If to Smart Denture:

  

Smart Denture Conversion, LLC

56 Hunter Street, Suite 320

Apex, North Carolina 27502

Attn: Marian Kofford

Email: Marian@smartdentureconversions.com

If to Reseller:

  

Keystone Dental, Inc.

154 Middlesex Turnpike

Burlington, MA 01803

Attn: Amnon Tamir

Email: atamir@keystonedental.com

21 Publicity. Neither Party shall issue any publicity, news release or other public announcement relating to this Agreement, its terms or the existence of an arrangement between the Parties without the prior written approval of the other Party (such approval not to be unreasonably withheld or delayed), except as otherwise required by law.

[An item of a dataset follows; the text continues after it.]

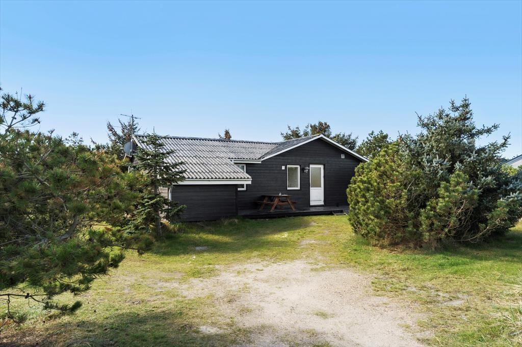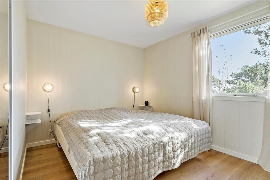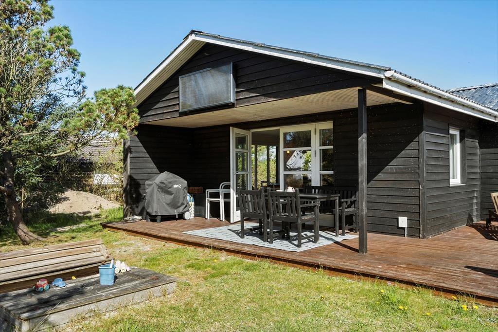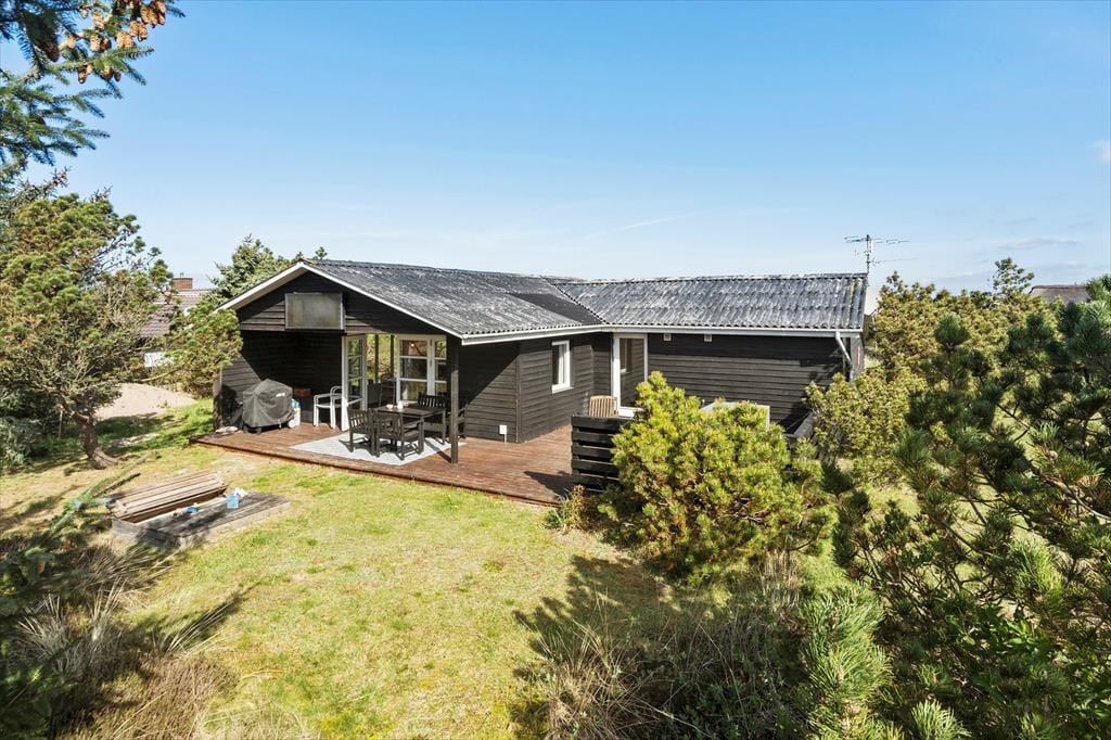 Dette indbydende sommerhus i det sydlige Søndervig ligger på en hyggelig grund omkranset af frodige træer og beplantning, og derfor kan I nyde feriedagene komplet ugeneret på den sydvendte terrasse og i haven, hvor der også er sandkasse og fodboldmål. Med sengepladser til fem personer fungerer sommerhuset ideelt til børnefamilien, og I har nem adgang til smuk natur samt blot 750 meter til stranden og Vesterhavet.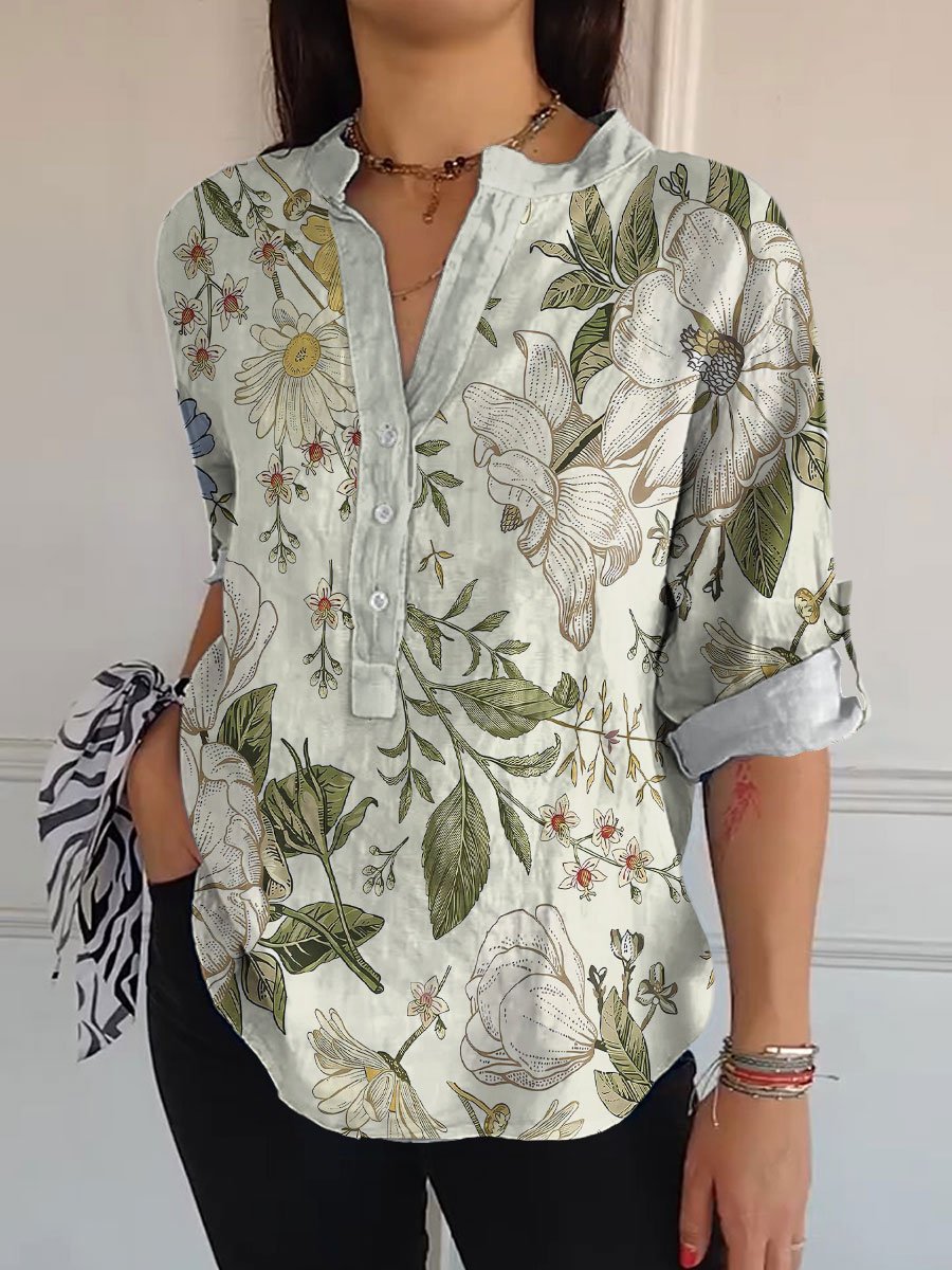 Women's Retro Floral Colorful Print Casual Long Sleeve Comfortable Cotton Shirt

22 Entire Agreement. This Agreement and any Exhibits and amendments or addenda attached hereto constitute the entire agreement between the Parties with regard to the subject matter hereof and supersede all prior written or oral proposals, negotiations and/or communications between the Parties relating to this Agreement and the subject matter hereof. No waiver, consent, modification or change of terms of this Agreement shall bind either Party unless in writing signed by both Parties, and then such waiver, consent, modification or change shall be effective only in the specific instance and for the specific purpose given. The Recitals shall be considered part of this Agreement. Smart Denture’s terms of sale and any terms contained in a Purchase Order are hereby negated to the extent that such terms are inconsistent with this Agreement or would add any additional terms.

23 Amendment and Waiver. No modification of this Agreement, and no waiver of any breach of this Agreement, shall be effective unless in writing and signed by an authorized representative of the Party against whom enforcement is sought. This Agreement may not be modified or amended by electronic means without written agreement of the Parties. No waiver of any breach of this Agreement, and no course of dealing between the Parties, shall be construed as a waiver of any subsequent breach of this Agreement.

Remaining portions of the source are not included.